Sementara ayunan lain sampai di Tutulunan, depan SMK Perikanan, yang sudah berbentuk batu. Waktu dulu, para orangtua bayi yang ikut Abu kasim itu sudah menangis, ketika ayunan anak-anak mereka ditemukan di Totulunan. Di depan SMK Perikanan itu dengan pemandangan batu-batu Palalan, tidak ada boleh ada bangunan,karena menyangkut adat.

Om Mat memperbaiki posisi duduknya yang bersebelahan dengan saya yang dipisahkan  meja berbahan plastik. Dia yang selalu ada pada acara-acara batomundoan (kekerajaan) melanjutkan ceritanya.

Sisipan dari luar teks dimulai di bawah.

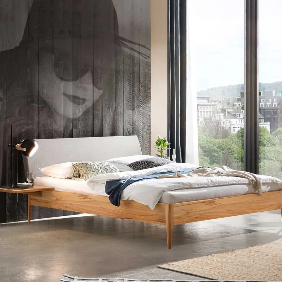 Erleben Sie mit dem Holzbett „Liancos“ eine Kombination aus modernem Design und der natürlichen Wärme von massivem Wildbuchenholz. Jedes Bett ist ein Unikat, geprägt durch die lebhafte Maserung und die natürlich geölte Oberfläche, die nicht nur die Schönheit des Holzes hervorhebt, sondern auch dessen Langlebigkeit und Widerstandsfähigkeit gegenüber alltäglichen Belastungen garantiert. Die Ölung schützt das Holz und macht es zugleich pflegeleicht, während die natürlichen Eigenschaften der Wildbuche für ein angenehmes Raumklima und eine einladende Wohlfühlatmosphäre sorgen.
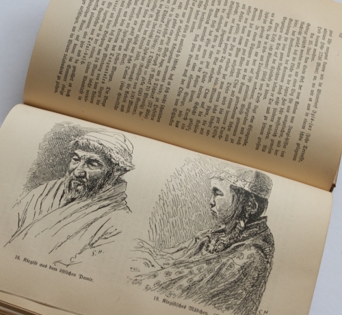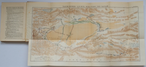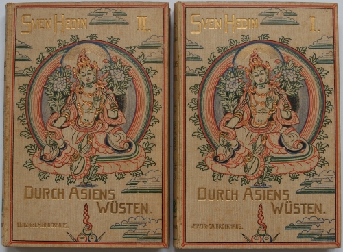 See the Dutch description: Sven Hedin, Durch Asiend Wüsten. Drei Jahre auf neuen Wegen in Pamir, Lop=nor, Tibet und China. In twee delen. F.A. Brockhaus, Leipzig, 1919. Hardcover. 236 + 246 p. Incl. 107 afbeeldingen in zwart-wit en 3 (uitvouwbare) kaarten.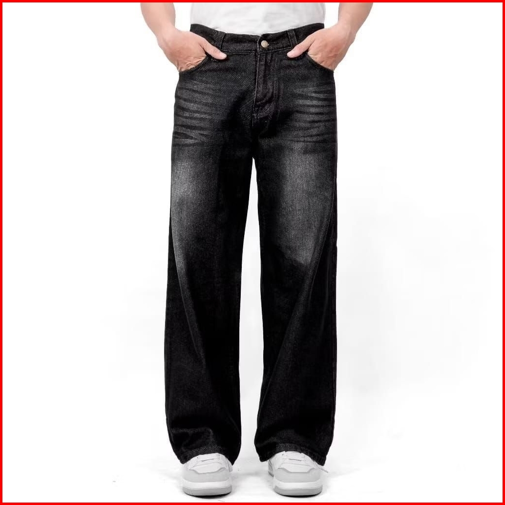 Celana Panjang Jeans Pria Baggy Pants Skena Gombrong Wisker Korean Style Oversize Loose Blue Jeans Straight Boyfriend Je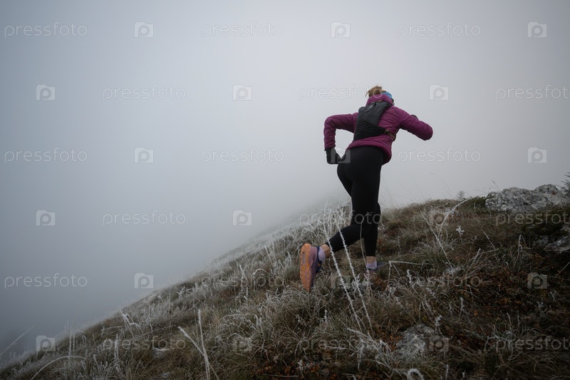 Бегунья по пересеченной местности женщина-спортсменка тренируется для ультрамарафона в горах
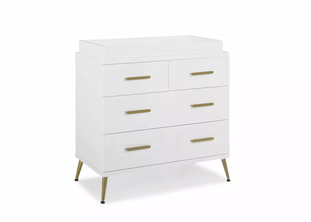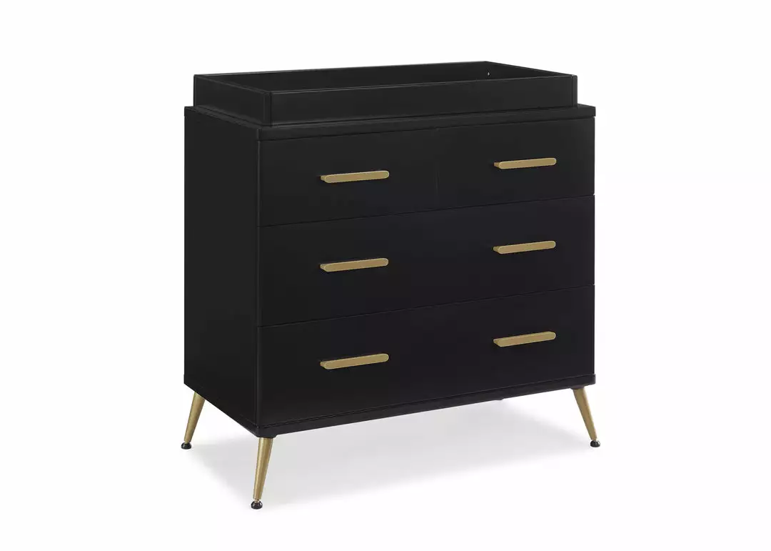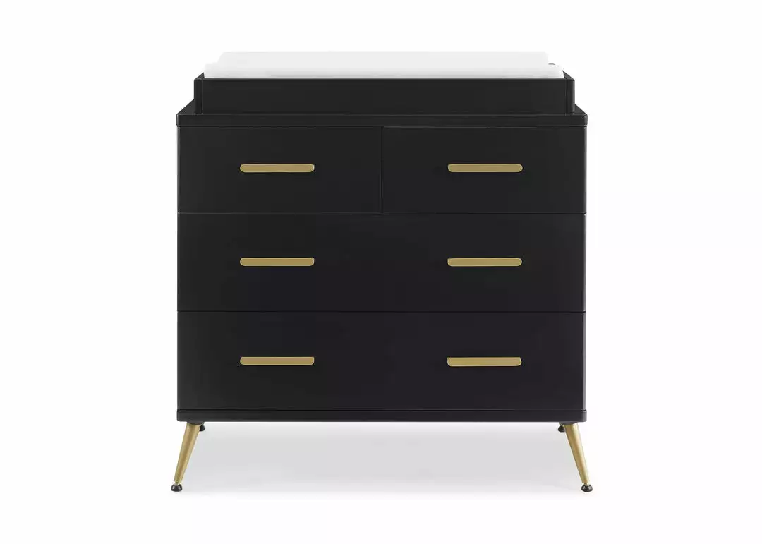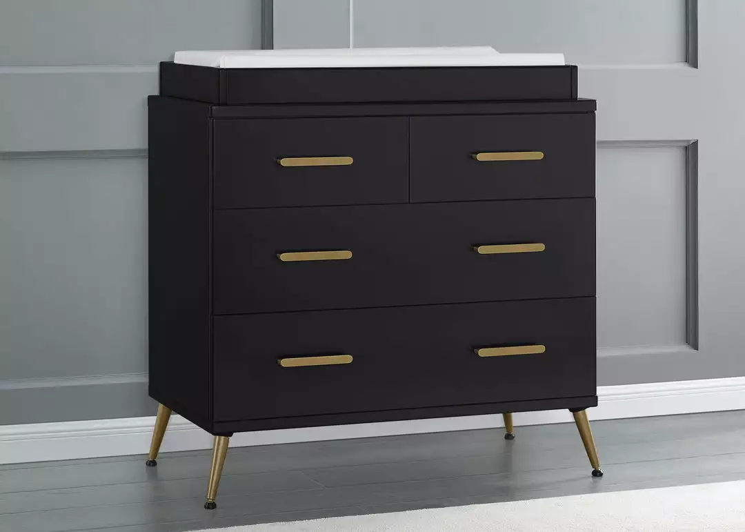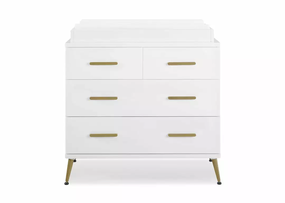 The Sloane 4 Drawer Dresser with Changing Top by Delta Children is the ultimate piece of kidsâ furniture. Sleek and modern, it boasts a mixed material design with bronze splayed feet and drawer handles that make it elevated enough for your master bedroom. But this dresser is more than just fashionableâit’s super functional, too. It features four spacious drawers for ample clothing storage and includes a removable changing top that creates the perfect space for diaper changing. Remove the changing top to create a more grown-up space later on. Pair this dresser with other pieces in the Delta Children Sloane Collection for a coordinated look.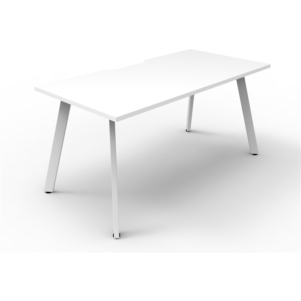 • Natural White worksurface with 410mm W x 50mm D with white frame. Scallop cable access.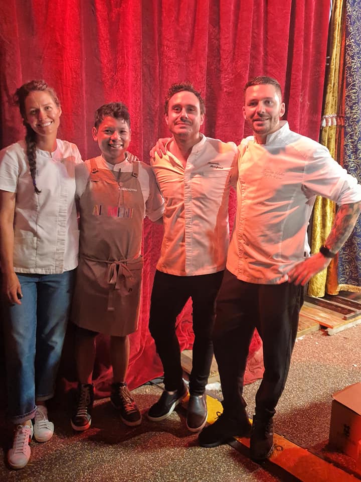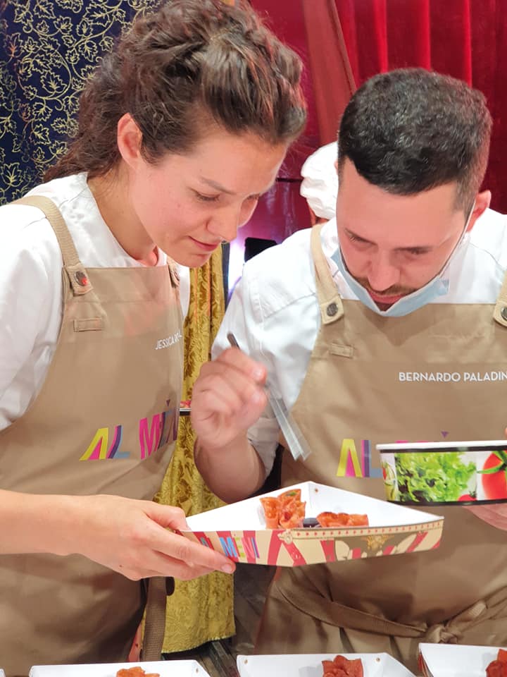 Sotto il tendone del circo di Al Mèni, ho trovato una canadese che lavora a Modena e che contamina il maiale affumicato con la canocchia; Un ragazzo romano che lavora a Dubai che deve servire la pasta rosa, però lo fa come se fosse una portata di formaggio; Un altro ragazzo che dal Vietnam cucina una crocchetta con il pesce dell’Adriatico usando la cultura delle spezie che si porta dentro; Un mirandolese puro sangue che deve ripensare la frittata e prende spunto da un creme caramel; Un giapponese che contamina i cassoni con i ravioli asiatici. Ci sono poche cose al mondo che contaminano così bene le culture, fornendone di nuove, come la cucina.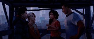 Kontynuując tę paradę zachwytów, należy przejść do fabuły Spider-Man: Poprzez multiwersum, która naprawdę zaskakuje. Nie chodzi jednak o to, o czym opowiada ten film (tu zresztą jakiekolwiek skróty fabuły byłby zbyt ujawniające, należy je więc pomijać), ale jak to robi. Udaje się bowiem w tym obrazie coś niezwykle trudnego – balans pomiędzy tym, co w historii niesamowicie efektowne i zabawne, a scenami bardziej refleksyjnymi, stonowanymi, melancholijnymi wręcz. Jest taka scena między Milesem a jego matką, Rio, która trwa i trwa – jest piękna, poruszająca, intymna. Nie chce się, by się kończyła; trudno jednak nie zwrócić uwagi, że przecież Hollywood nie lubi takich momentów, że w blockbusterach rozmowy zwykle są krótkie, płytkie i kończą się, gdy wokół bohaterów coś wybuchnie.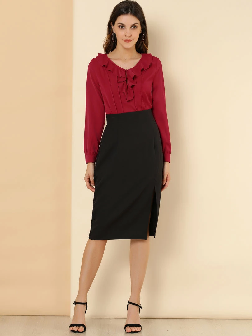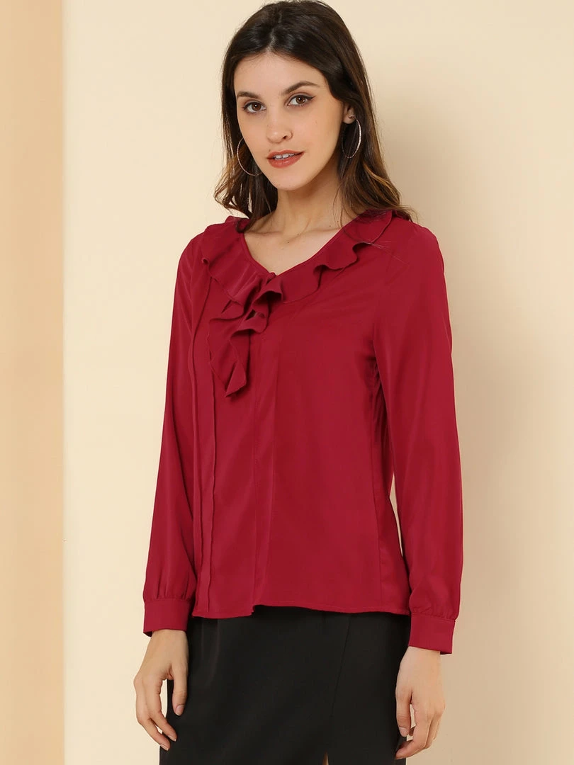 Allegra K Women’s Ruffle V Neck Chiffon Blouse For Office Work Pleated Vintage Shirt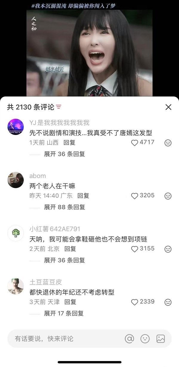 薯人:唐嫣你本可以体面的老去,都快退休的年纪还不考虑转型。在《繁花》回暖的观众缘,在《念无双》和《人之初》播完后又全部还回去了。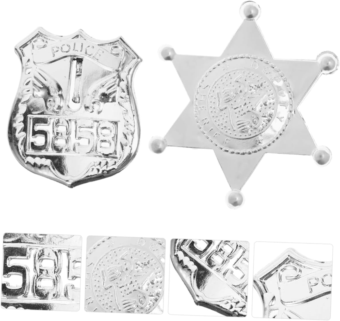 dei pacchetti 5 distintivi della polizia 5 distintivi dell'esagramma Caratteristiche -Colore: spilla da poliziotto cosplay argento - Dimensioni: 7,80X7,80X0,80cm/3,07X3,07X0,31in distintivo cosplay -Materiale: accessori cosplay in ABS - Dimensioni: 6,00X5,00X0,20 cm/2,36X1,97X0,08 pollici piccolo distintivo per feste -Fornisce un divertente accessorio per cosplay da poliziotto per aumentare le possibilità del distintivo da poliziotto nei giochi di ruolo. -Stimola la creatività e l'immaginazione consentendo ai di creare storie e personaggi unici con la vivace spilla a forma di distintivo della polizia. -Ideale per i che amano cimentarsi in giochi di ed esplorare diversi ruoli e oggetti di scena per feste cosplay. -Promuove lo sviluppo delle abilità sociali e, attraverso il gioco collaborativo e la negoziazione dei ruoli, l'ornamento del distintivo della polizia. -Realizzato con materiali di qualità per garantire sicurezza e durata durante il gioco del distintivo della polizia cosplay. Informazioni sulle merci decorazione per feste Il set include distintivi della polizia e distintivi a stella esagonale, offrendo una varietà di opzioni tra cui i possono scegliere. distintivo della polizia realistico Questo set di accessori per giochi di ruolo è perfetto per i che amano giocare a fare le case e travestirsi. delicata spilla con distintivo della polizia Realizzati con materiali ABS, questi accessori sono sicuri e perfetti per lunghe ore di gioco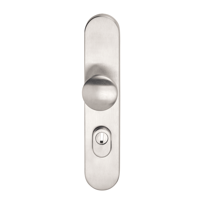 BKS Knopf B-75630; Material: Edelstahl; Befestigungsart: verdeckt verschraubt; Befestigungstechnik: mit Stütznocken; Abdeckung: auf Schutz-Langschild; Lagerung: fest,wartungsfrei; Form: oval; Widersta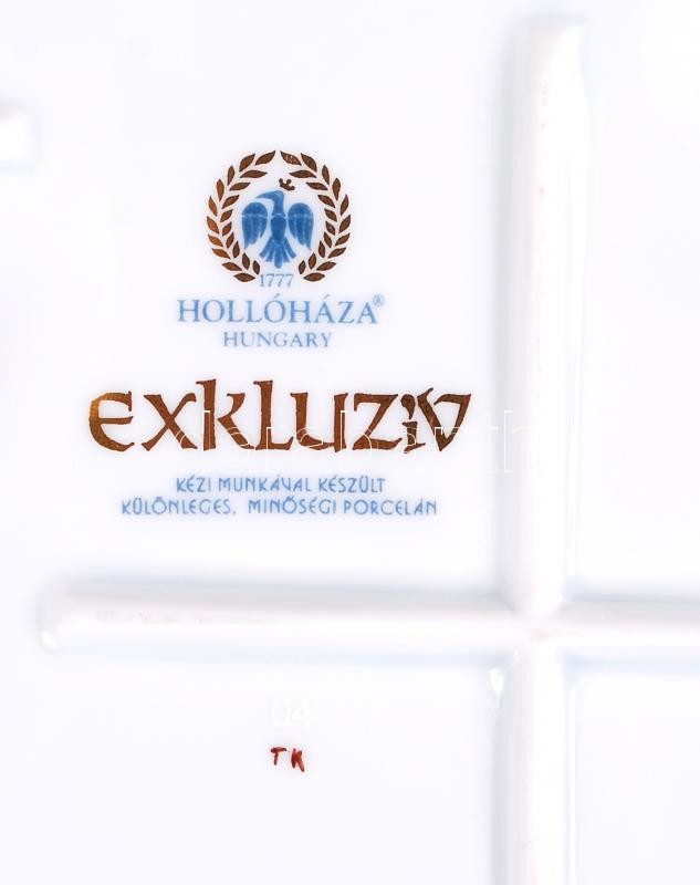 Hollóházi Exkluzív porcelán tál, jelzett, kézzel festett, domború mint...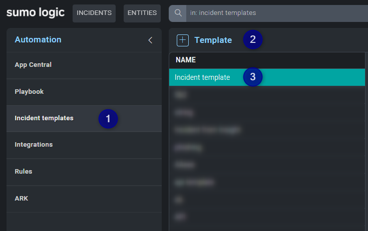 - In the Automation section click on Incident templates.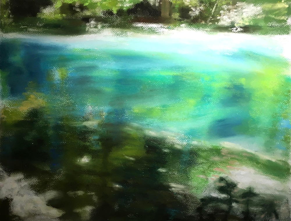 この作品は、ヨーロッパを旅していた時のスイスのインターラーケンに流れる川をモチーフに描いた作品です。豊かな森、高山から流れる川の水面は、エメラルドグリーン色でとても綺麗で神秘的でした。 水面に反射する光、色、透明感を大切に描いた作品です。
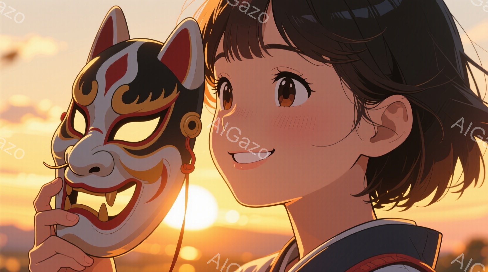 少女は微笑みながら狐の面を手に持っています。彼女は黒髪を後ろでまとめ、藍色の着物に身を包んでいます。背景には夕焼け空と、遠くに見える建物や木々があり、温かく穏やかな雰囲気を醸し出しています。
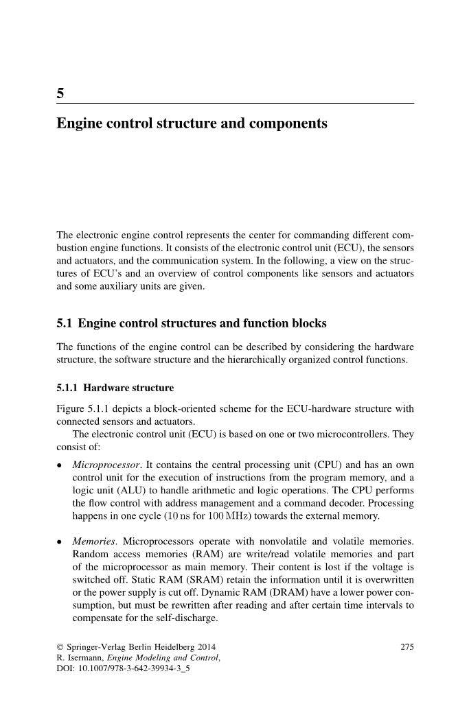发动机电子控制代表了命令不同燃烧功能的中心。它由电子控制元件(ECU)、传感器、执行器、和通讯系统组成。下文中介绍了ECU的结构和控制组件的综述如给出的传感器、执行器和一些辅助单元。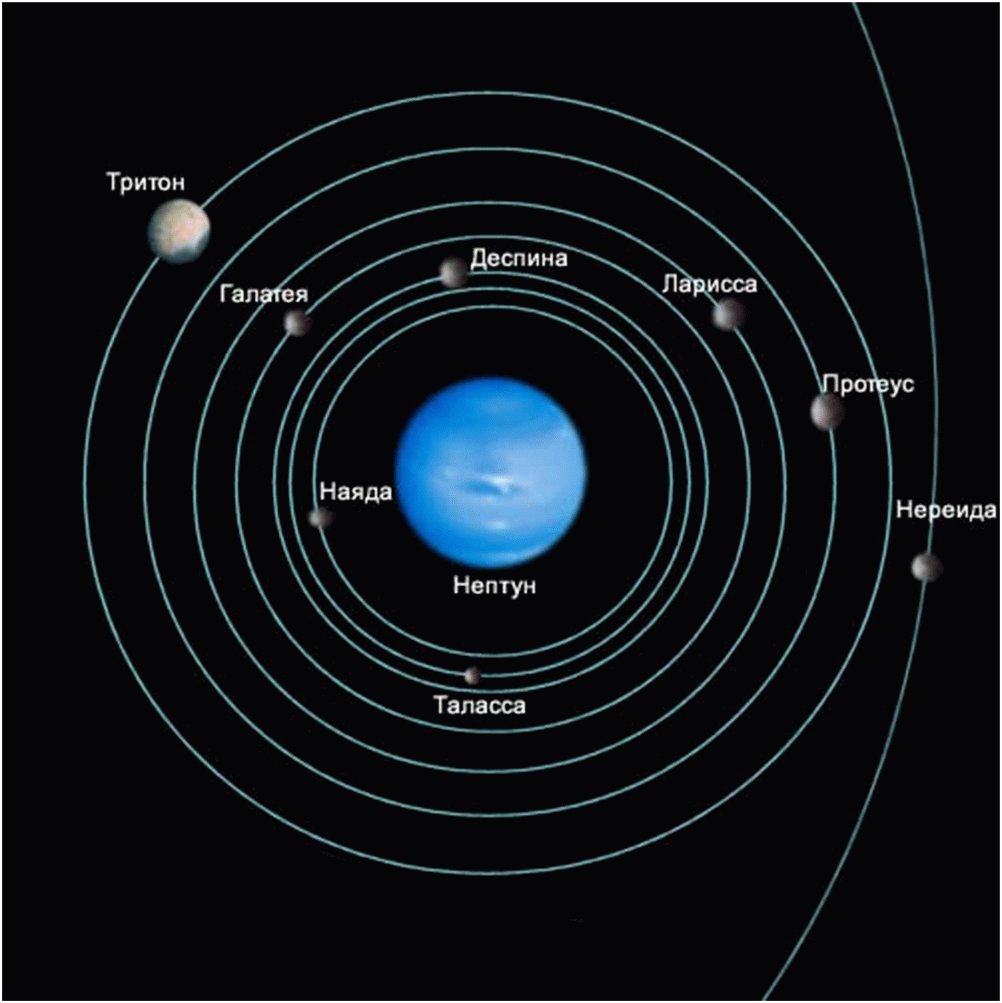 Нептун по размеру чуть меньше Урана. Он имеет 13 спутников, которым даны имена разных божеств — властителей морей, непосредственно подчиненных в римской мифологии Нептуну. Крупнейший из них — Тритон (единственный спутник Нептуна, имеющий шарообразную форму). Это самый холодный спутник в Солнечной системе. Температура здесь опускается до -240 °С. Однако даже несмотря на такой мороз, поверхность Тритона чрезвычайно активна — на спутнике постоянно происходят извержения вулканов.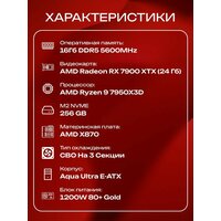 Aqua Ultra E-ATX AIO 360 чёрный, X870, R9 7950X3D AIO3, 256 NVME, 16 ГБ DDR5, RX 7900 XTX (24 Гб), 1200W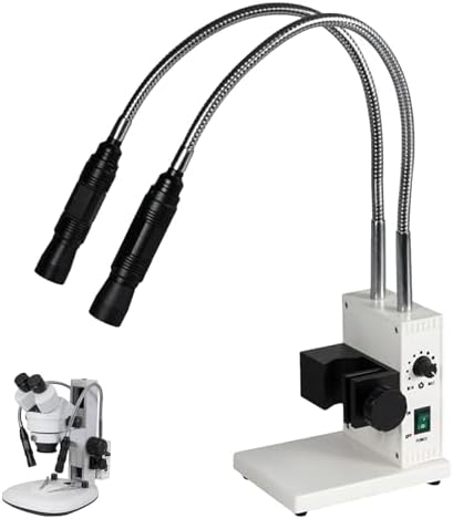 Microscope Illumination: This illumination enhances your microscope experience with advanced Fiber Optic Technology, providing bright and uniform lighting for precise observations. It features two 500 mm flexible gooseneck tubes for directed light.

Berlayarlah Abu Kasim, sampai di pulau yang sekarang bernama Bokan Kepulauan, Abu Kasim mampir untuk berpamitan kepada saudarinya, Putri Bokan. Putri Bokan ini sesungguhnya memiliki nama, tapi Om Mat enggan menyebut nama putri itu. Di tanah merah yang orang-orang bilang gunung gundul, tempat si Putri tinggal, ia menitip oleh-oleh emas dari Jawa, yang langsung disanggupi Abu Kasim.